We need the Hindu element in order to understand that universes, life and our notions of gods (even Brahman itself) come and go just like a lotus flower dies and comes back again each year. At equilibrium, there is no male and female. There is no good and evil once we reach equilibrium because all forms and structures dissolve away. But perhaps, the universe will start over again. Perhaps, there are multiple universes. Perhaps, metaphorically, the sleeping Brahman will awake again on a new lotus flower and open his eyes.

What we need is a new Luke Skywalker in the form of Bill Gates and Chuck Bartowski (from the TV show Chuck.) We need a new Leia Organa Solo in the form of Meg Whitman and The Bride (Uma Thurman in Kill Bill). Our heroes are action figures like Chuck or The Bride. But we also need business heroes: we need heroes that build businesses like Bill Gates and Meg Whitman in our TV shows and movies.
We all need to fight, but the question is what are we fighting for. To defeat the Galactic Empire, to revenge an assassination attempt, to defeat crime organizations and protect the US government???
No, what we are fighting for is the capability of growing life on other planets so that the entropy of the universe increases even faster, so that life expands. So that life evolves even more. So that life becomes more complex, more dynamic, and more self-aware. More feedback, more mirrors back on itself, higher levels of consciousness, and larger societies on more planets with more entropy production.

Business, nations, family are routes to speed up the production of entropy, but there is no ultimate right business, nation or family. There is no one right meme.
There is no perfect solution to the question: how to bring the universe to equilibrium the fastest. Some memes are better at this than others, but there is no way to prove that one meme is better than another.

So how do we choose between differing memes? How do we choose between Christianity and some new religion? (perhaps something like what I described above.) What if this new religion incorporated into it the idea that there is no right religion? Why should we believe something that states that it's not correct?

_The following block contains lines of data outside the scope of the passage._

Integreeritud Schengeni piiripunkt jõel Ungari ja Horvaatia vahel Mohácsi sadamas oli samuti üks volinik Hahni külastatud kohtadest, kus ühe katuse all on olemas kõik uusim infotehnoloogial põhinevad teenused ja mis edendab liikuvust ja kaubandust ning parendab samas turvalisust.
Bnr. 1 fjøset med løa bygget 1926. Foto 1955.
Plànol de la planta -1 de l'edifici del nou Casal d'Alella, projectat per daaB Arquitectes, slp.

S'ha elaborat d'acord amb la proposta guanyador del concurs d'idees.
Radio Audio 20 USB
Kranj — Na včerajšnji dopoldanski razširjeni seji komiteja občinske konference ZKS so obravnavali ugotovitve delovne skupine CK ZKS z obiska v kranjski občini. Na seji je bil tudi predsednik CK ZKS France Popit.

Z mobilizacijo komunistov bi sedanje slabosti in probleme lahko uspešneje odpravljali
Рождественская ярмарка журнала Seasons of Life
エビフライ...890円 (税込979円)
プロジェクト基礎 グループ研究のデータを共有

Ultimately, this new religion must be capable of growing faster than all other religions and perhaps must also be flexible enough to incorporate old religions into it smoothly.

What we need is a reconciling of Luke Skywalker, The Bride, Leopold Bloom, Molly Bloom, Bill Gates, Yoda, Meg Whitman, Jeff Bezos, Leia Organa Solo, and The Dude.

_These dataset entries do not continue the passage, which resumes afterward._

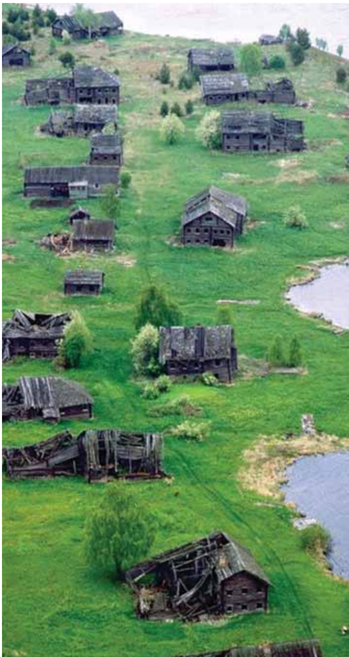
TÜHERMAA: Täna maaelu- ja hariduspoliitika puhul näevad Eesti maarajoonid varsti välja just sellised.

inimestel uus võimalus luua endale ise töökohti. Et oleks võimalik säilitada isatalu, kasvatada üles lapsed, kes armastavad oma kodukohta ja suure tõenäosusega jätkavad isa-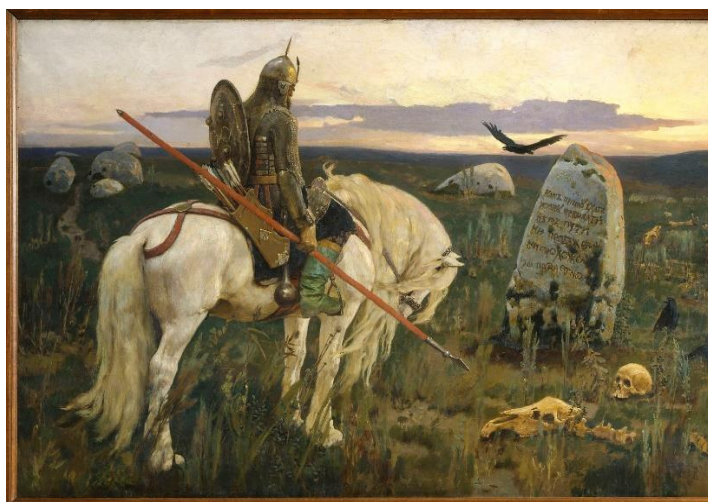
Віктар Васнячоў “Віцязь на раздарожжы”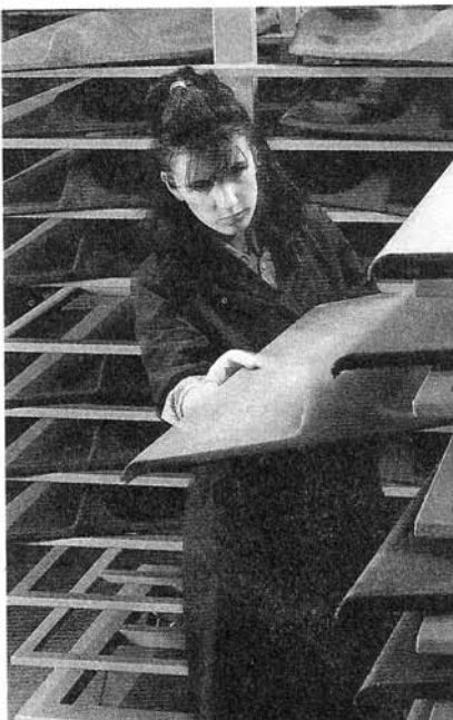
Lo stoccaggio dei prodotti finiti.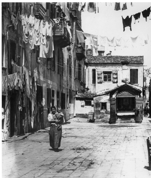
Ca' Sarasina vers 1880

Casarin - [23] 18. J'ai la sensation pendant que je commente, que je suis en train de les commenter avec un mélange d'instinct et de rationalité, qui semblent être équivalents. Quoi qu'il en soit, celle-ci m'évoque une Venise populaire qui vit sa phase de décomposition décadente [ rires ]... C'est-à-dire que je vois quelques signes, quelques symboles de la popularité des quartiers, comme par exemple les plus communs: telle la lessive pendue à l'extérieur. Je ne vois pas, par exemple, la vie populaire de la rue que l'on peut encore voir dans les photos d'archives de la fin du 19 ème siècle et aussi du début du 20 ème siècle, c'est pourquoi je parlais de populaire en décomposition.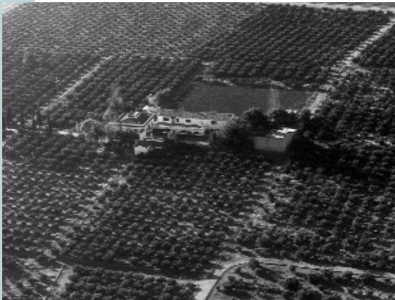
hort de Montesinos

carregat d'ornamentació, derivava cap a un estil decò amb una decoració més simple. Altres elements paisatgístics que introduïren els horts van ser els jardins i els passejos. Els jardins, que normalment envoltaven la casa, presentaven espècies exòtiques desconegudes per a la gent de la comarca i els passejos, que unien la porta de la propietat amb la casa, imitaven els que en aquells moments estaven construint-se a la ciutat, que eren molt del gust de la burgesia.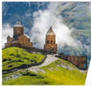
โบสถ์เกอร์เกติ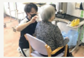
▲職員による髪のカット

静苑ホームではポスターなどで職員の意識向上を図るチーム、面会の制限や新しい方法を模索・実施する家族面会チーム、消毒設備を整備する環境対策チーム、クラスターが起きた場合の対応を決めるクラスター対策班などを設置しています。

We need to avoid the creation of billions of George Costanza's: fearful of death and the ending of the individual ego, afraid of his parents, incapable of owning a business, never to marry and bring new life into world. George Costanza represents what goes wrong when religion and science are divorced from each other. He lives in a world in which he understands neither science nor religion and can gain nothing from either. He lives in a world in which he can't make decisions on whom to date or what to eat because each action carries with too much significance because he doesn't see the purpose of life.

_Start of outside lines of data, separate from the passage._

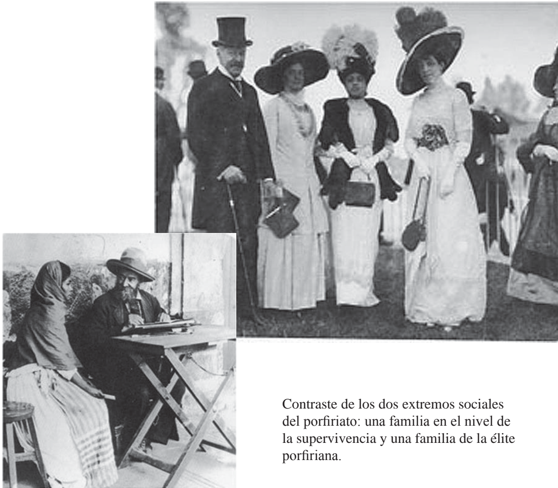
Contraste de los dos extremos sociales del porfiriato: una familia en el nivel de la supervivencia y una familia de la élite porfiriana.

a menudo de carácter local (había fracasado un intento del 17 de septiembre de 1913, de ampliar el concepto de comerciante, incorporando en él a todos los agricultores, con el fin de hacer posible una ley federal para el trabajo agrícola)... A partir de 1914, varias leyes locales impusieron nuevas normas laborales, estipulando salarios mínimos, cancelando deudas de obreros (como en Tabasco), y fijando jornadas máximas. Son de especial interés las leyes respectivas de Jalisco (Aguirre Berlanga); de Veracruz (Cándido Aguilar, 4 y 9 de octubre de 1914), y de Yucatán, donde Salvador Alvarado promulgó un grupo de leyes sociales “las cinco hermanas”; una ley agraria, una fiscal, una catastral, una que organiza el municipio libre, y una de trabajo, creando esta última, las Juntas de Conciliación y un Tribunal de Arbitraje para conflictos laborales, individuales y colectivos...” 29 Estas materias, tradicionalmente formaban parte del Derecho civil, pero como es lógico inferir; hoy, en el 2010, han tomado otros rumbos, se han emancipado, y esto, infiere en la descodificación , ya citada y sostenida en este trabajo.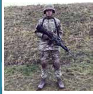
@julian.falk Pew Pew #garderliv #denkongeligelivgarde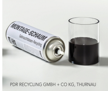
PDR RECYCLING GMBH + CO KG, THURNAU

INNOVATIONS HELDEN AUS DEM LANDKREIS KULMBACH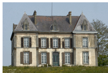
Vue générale sud IVR53_20073500587NUCA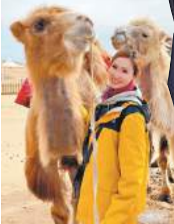
◆《無窮之路 II—無價之保》獲得「最佳紀錄片系列」。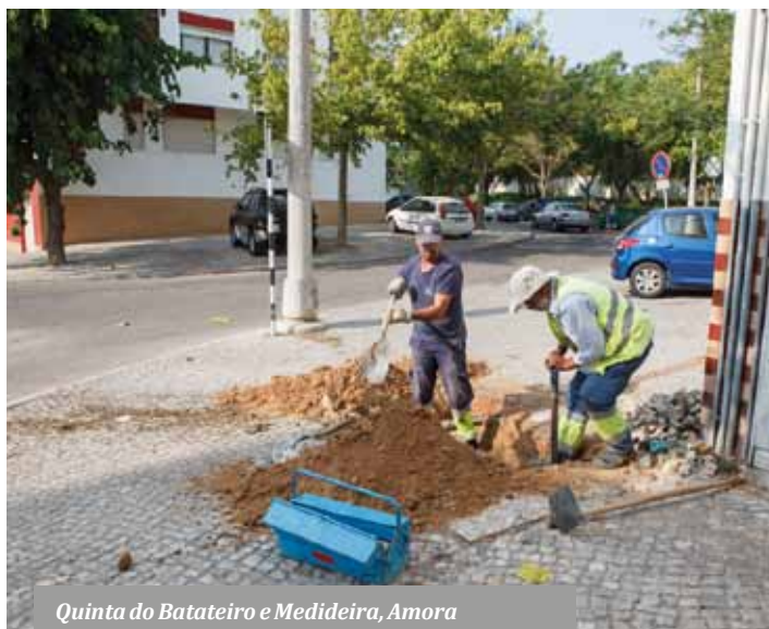
Quinta do Batateiro e Medideira, Amora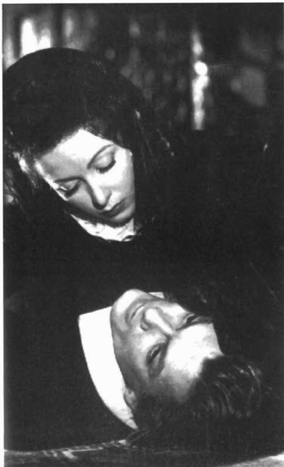
فیلم روی بلاس - دانویل داریو و جان ماریه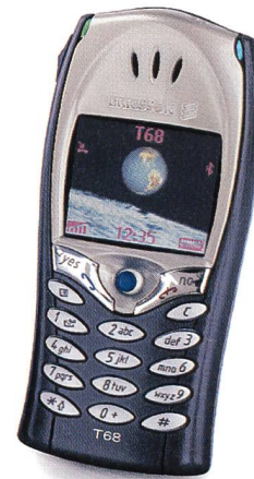
Bild 2. Ericsson-Triple-Band-GSM-Handy T68i mit Bluetooth, GPRS, Wireless Java und MMS.

spektiven von Bluetooth vor Augen zu führen (siehe Kasten).

The purpose of life is to increase the entropy of the universe. The question is: are we capable of living up to that purpose, or do we run and hide from it? Are we afraid to give up this individual ego that has sprouted up from the elements when the time arises? Are we willing to live with the individual ego during the peak of our life in order to take advantage of its capability to solve complex problems? (i.e. are we willing to not become Zen Masters until we get close to ego's end? Are we willing to avoid the pitfalls of the twenty year old 'Zen Master' and the pitfalls of the 70 year old George Costanza?)